En novembre 2014, dans le cadre de l’École normale supérieure de Lyon et d’une journée d’études CFDT sur mai 68, Auguste Boisson témoignait sur les luttes des salariés de la Rhodiacéta à Lyon-Vaise ( © DR/Thérèse Bunel ).

Auguste Boisson nous a quittés début juillet, et Philippe Frémeaux s’en est allé un mois plus tard, tous deux taraudés par le cancer. Avec eux, c’est un pan de l’expérience et l’expertise du mouvement social qui disparait. Auguste était l’ouvrier textile de la Rhodiacéta, et Philippe, le journaliste, artisan du magazine Alternatives économiques.
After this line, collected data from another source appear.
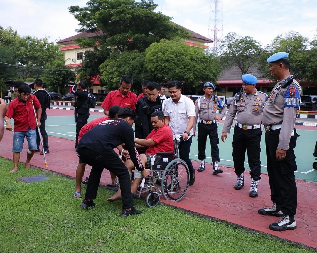 Berdasarkan hasil penyelidikan, para pelaku diamankan di dua lokasi berbeda yakni Batubara dan Tapanuli Tengah. Kini, para pelaku mengenakan pakaian berwarna merah dan salah satu diantaranya duduk di kursi roda.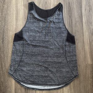 Stylish tank top by lululemon athletica. Features a gray textured pattern with black accents. Perfect for workouts or casual wear.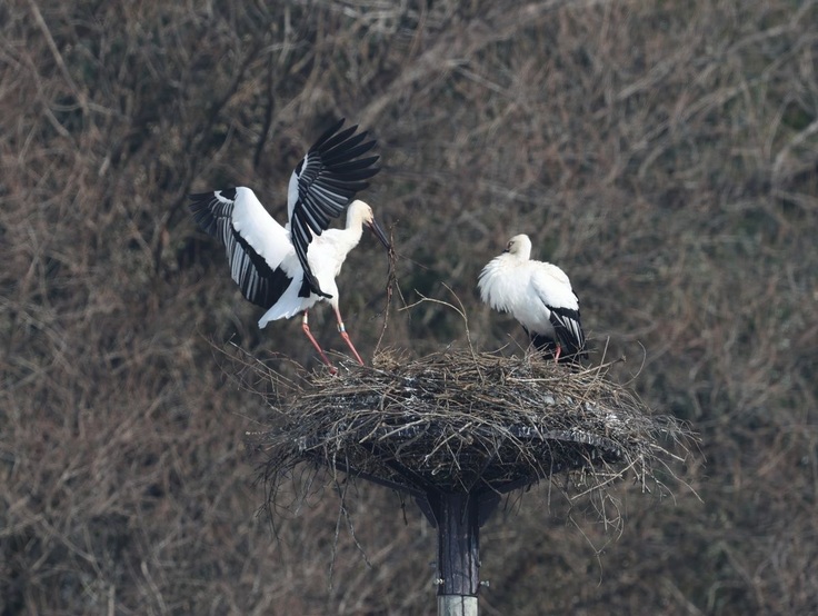 今年も、本市国富地区では、2か所の人工巣塔において営巣が確認されています。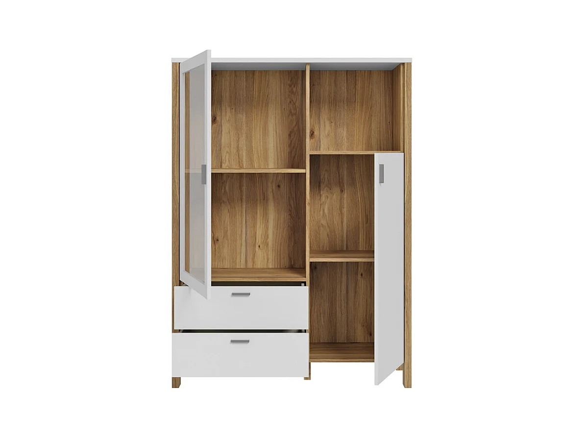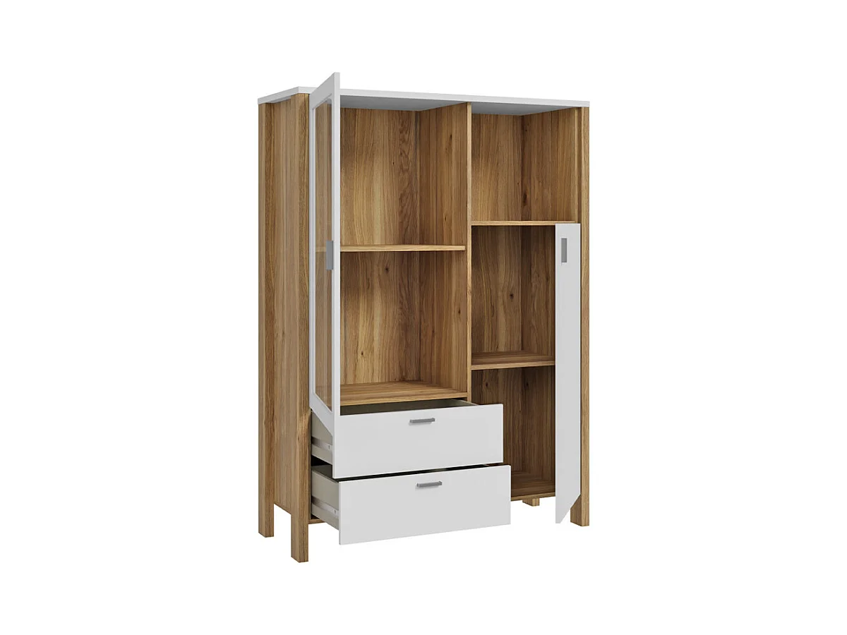 Armoirette vitrée H. 152 cm avec décor gris clair et chêne - DEVONNE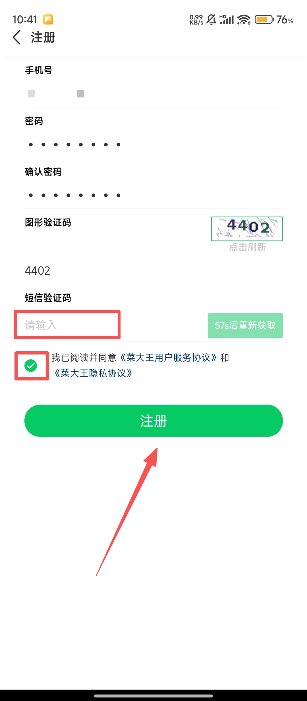 4、输入短信验证码,勾选协议后点击【注册】,就能完成账号注册啦。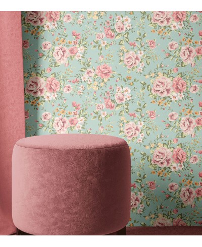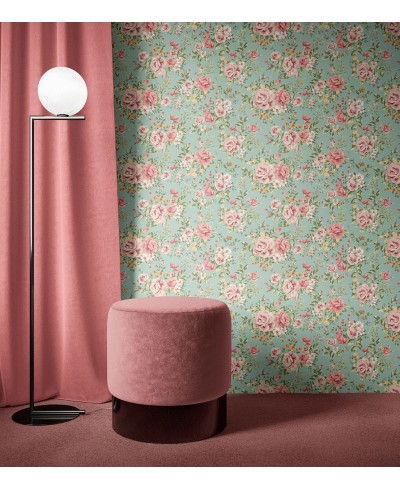 Papel de Parede floral fundo verde com rosas, o método mais rápido e prático para decorar aquele cômodo que ama!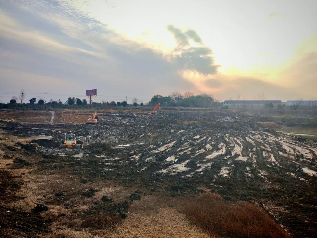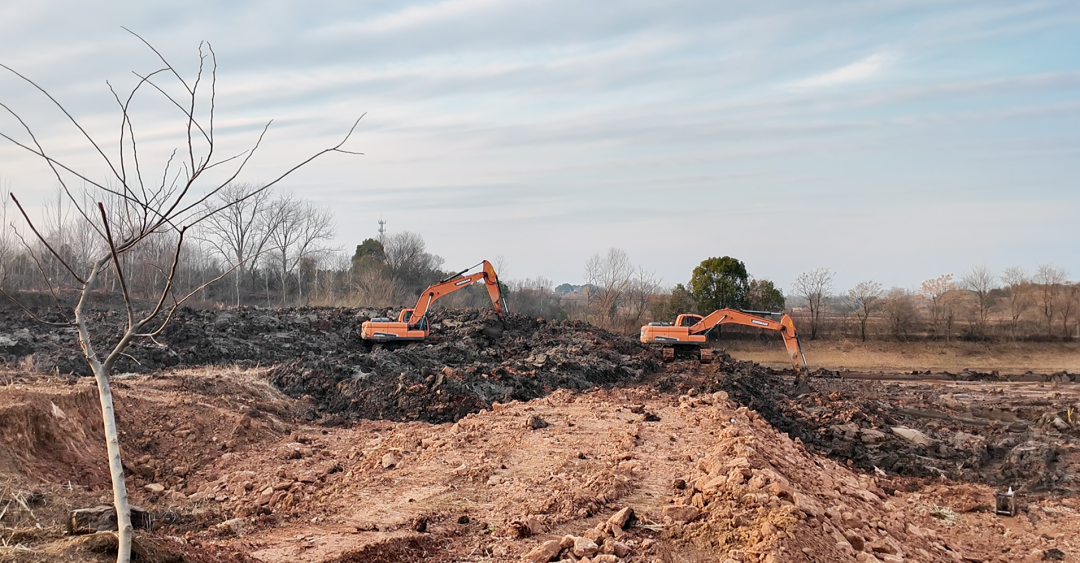 兩臺大型挖掘機正在對泗水橋村新擴挖的塘堰進行最后清理 圖片來源:東寶區水利和湖泊局

Tous deux se situaient dans l’orbite du projet sociétal porté par la CFDT. Retour sur la personnalité de ces deux militants plus que tout humanistes et engagés.

Lors de ses funérailles dans l’église de St-Didier-au-Mont-d’Or, village qui a encadré sa naissance et sa mort, les témoignages furent nombreux pour rappeler la personnalité chaleureuse d’Auguste Boisson en ce mardi 7 juillet 2020.

 » Nous l’appelions Gus dans nos réunions, dans les sessions de formation, sur les piquets de grève et dans les défilés… « , soulignaient ses amis de la CFDT du Rhône.

Soucieux de témoigner

Un militant doux et volontiers caustique qui aimait à transmettre l’expérience de sa vie ( © Pierre Nouvelle ).

Ces dernières années, la centrale syndicale (CFTC devenue CFDT) à laquelle il adhéra en 1957 avait eu l’occasion de le faire témoigner à plusieurs reprises.

Témoigner de son parcours de vie, témoigner de son engagement personnel, avec le syndicat, CFTC puis CFDT et le parti, le PSU, et avec son épouse Mado à la FCPE du lycée Jean Perrin, quand ils étaient parents d’élèves, et au sein de leur équipe d’ACO, l’Action catholique ouvrière, à la Duchère.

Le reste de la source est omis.